--- DATASET RECORDS ---

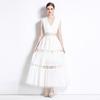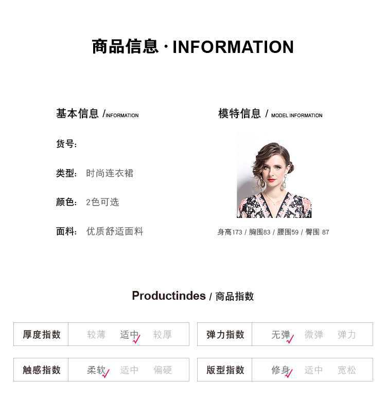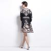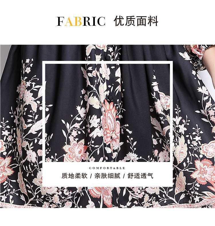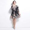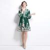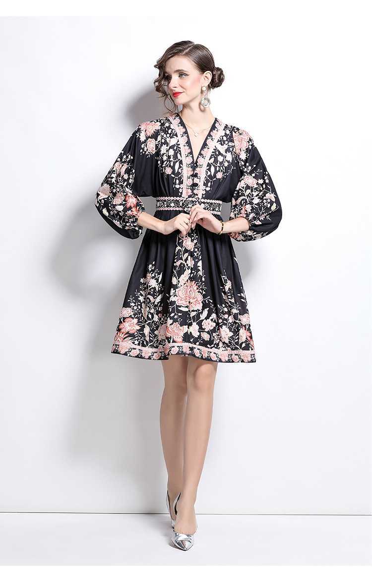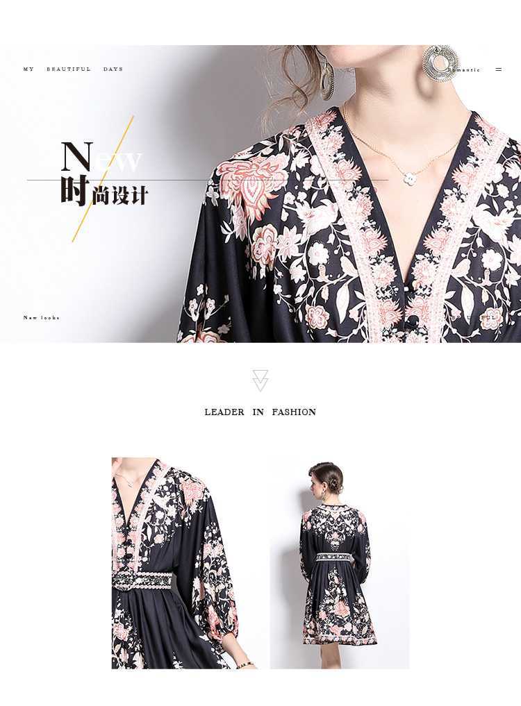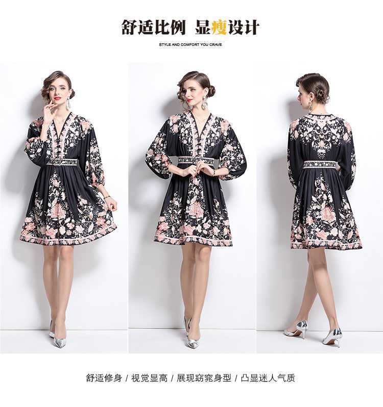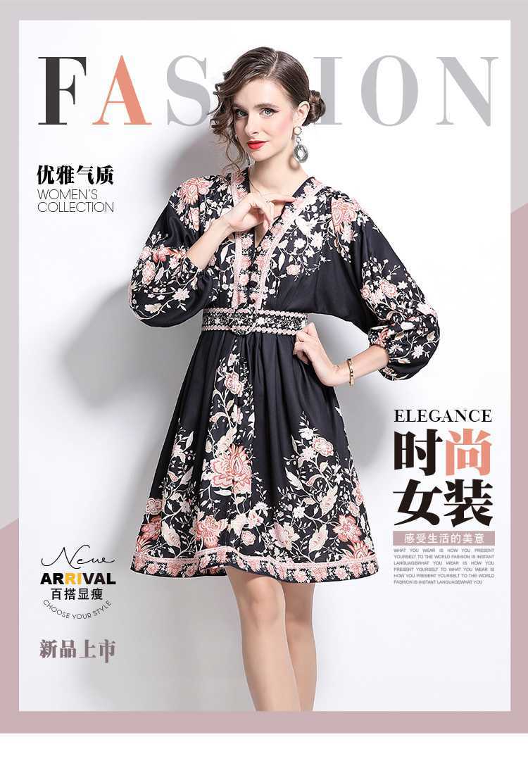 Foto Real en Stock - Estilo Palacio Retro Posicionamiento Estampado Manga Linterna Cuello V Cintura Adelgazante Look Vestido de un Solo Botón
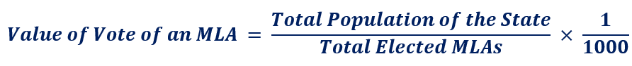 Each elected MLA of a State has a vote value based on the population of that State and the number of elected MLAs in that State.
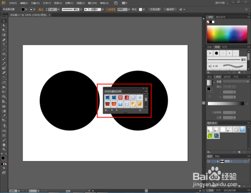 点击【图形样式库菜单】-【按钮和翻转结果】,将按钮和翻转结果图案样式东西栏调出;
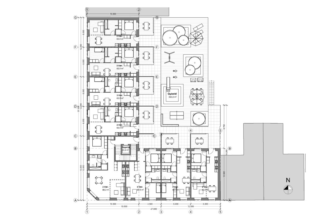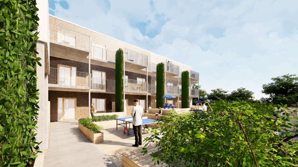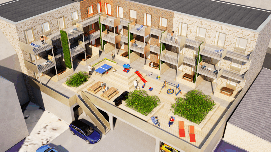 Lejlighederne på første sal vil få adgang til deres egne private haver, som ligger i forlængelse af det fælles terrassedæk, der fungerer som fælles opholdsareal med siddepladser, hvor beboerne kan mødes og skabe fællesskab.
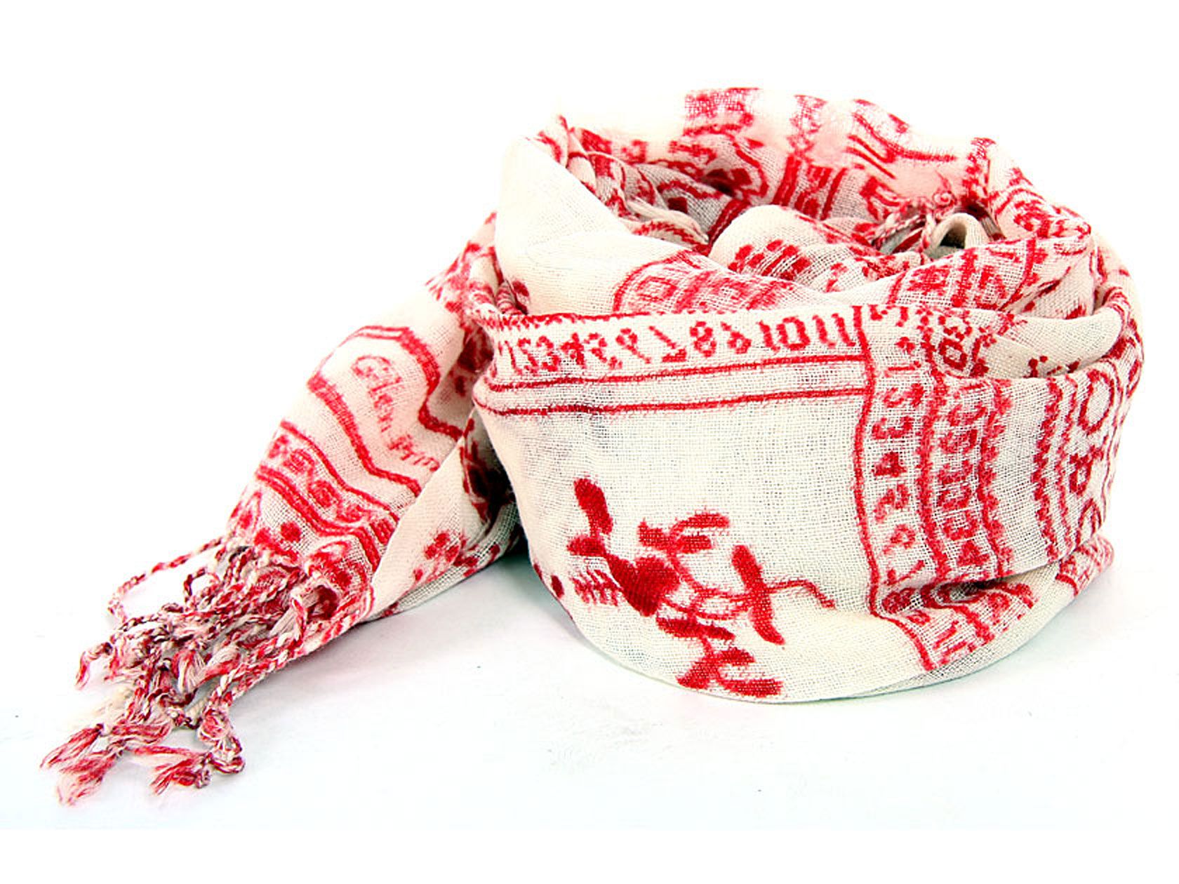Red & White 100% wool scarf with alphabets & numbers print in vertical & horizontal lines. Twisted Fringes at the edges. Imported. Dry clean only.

---

WORK TO BE COMPLETED.
Look above for the line with "Each elected MLA" and the line with "点击【图形样式库菜单】-【按". Copy them and every line between, exactly, but no pictures.

SOLVED EXERCISE.
 Each elected MLA of a State has a vote value based on the population of that State and the number of elected MLAs in that State.
 点击【图形样式库菜单】-【按钮和翻转结果】,将按钮和翻转结果图案样式东西栏调出;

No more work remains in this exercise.